Data block Start Marker
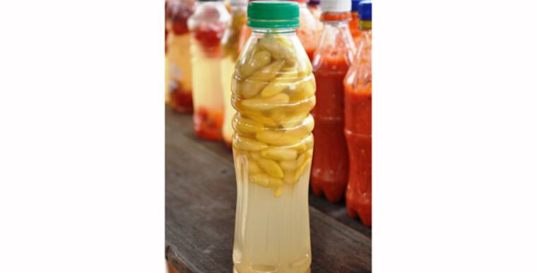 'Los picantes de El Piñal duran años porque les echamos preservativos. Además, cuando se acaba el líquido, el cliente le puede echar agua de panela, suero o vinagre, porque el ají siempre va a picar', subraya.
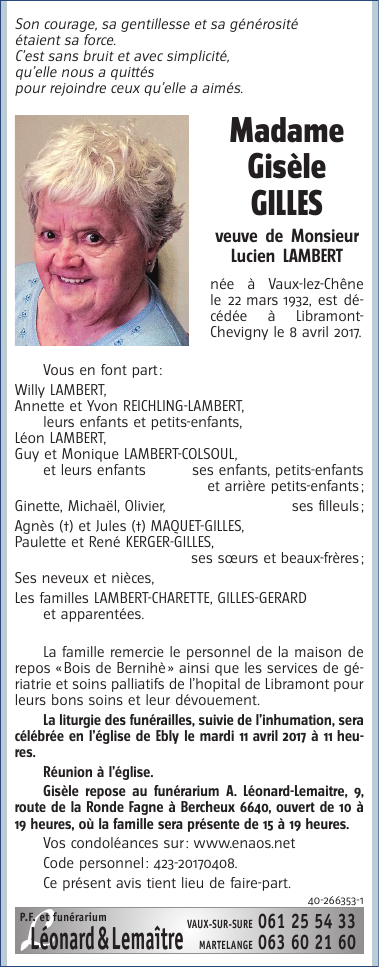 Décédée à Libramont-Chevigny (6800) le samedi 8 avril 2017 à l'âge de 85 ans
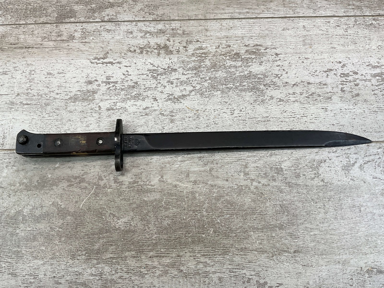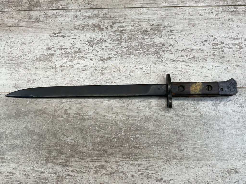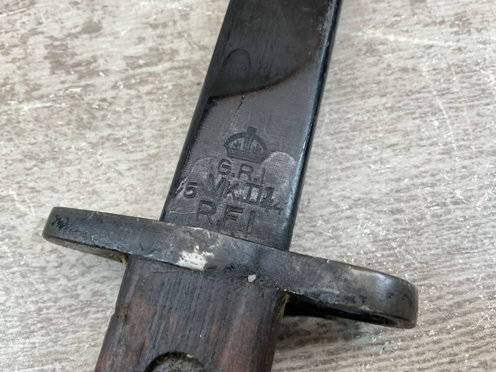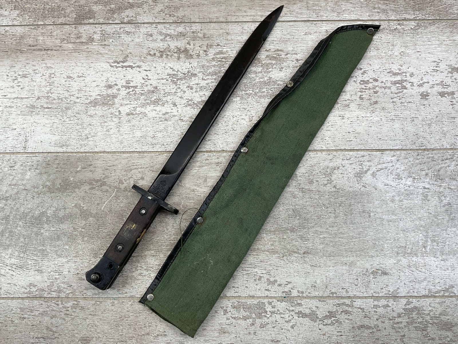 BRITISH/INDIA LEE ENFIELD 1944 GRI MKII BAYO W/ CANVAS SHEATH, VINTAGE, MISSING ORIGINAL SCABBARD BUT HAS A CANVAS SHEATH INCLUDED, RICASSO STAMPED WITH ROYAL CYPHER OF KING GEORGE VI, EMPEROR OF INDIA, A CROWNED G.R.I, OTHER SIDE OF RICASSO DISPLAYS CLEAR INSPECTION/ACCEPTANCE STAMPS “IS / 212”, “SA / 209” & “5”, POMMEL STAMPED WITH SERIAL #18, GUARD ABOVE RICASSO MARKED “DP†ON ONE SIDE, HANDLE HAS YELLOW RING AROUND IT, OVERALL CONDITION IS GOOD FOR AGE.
Data block End Marker
▸ Brief
Everything in the data above should be set down again exactly, except the pictures.

▸ Response box
 'Los picantes de El Piñal duran años porque les echamos preservativos. Además, cuando se acaba el líquido, el cliente le puede echar agua de panela, suero o vinagre, porque el ají siempre va a picar', subraya.
 Décédée à Libramont-Chevigny (6800) le samedi 8 avril 2017 à l'âge de 85 ans
 BRITISH/INDIA LEE ENFIELD 1944 GRI MKII BAYO W/ CANVAS SHEATH, VINTAGE, MISSING ORIGINAL SCABBARD BUT HAS A CANVAS SHEATH INCLUDED, RICASSO STAMPED WITH ROYAL CYPHER OF KING GEORGE VI, EMPEROR OF INDIA, A CROWNED G.R.I, OTHER SIDE OF RICASSO DISPLAYS CLEAR INSPECTION/ACCEPTANCE STAMPS “IS / 212”, “SA / 209” & “5”, POMMEL STAMPED WITH SERIAL #18, GUARD ABOVE RICASSO MARKED “DP†ON ONE SIDE, HANDLE HAS YELLOW RING AROUND IT, OVERALL CONDITION IS GOOD FOR AGE.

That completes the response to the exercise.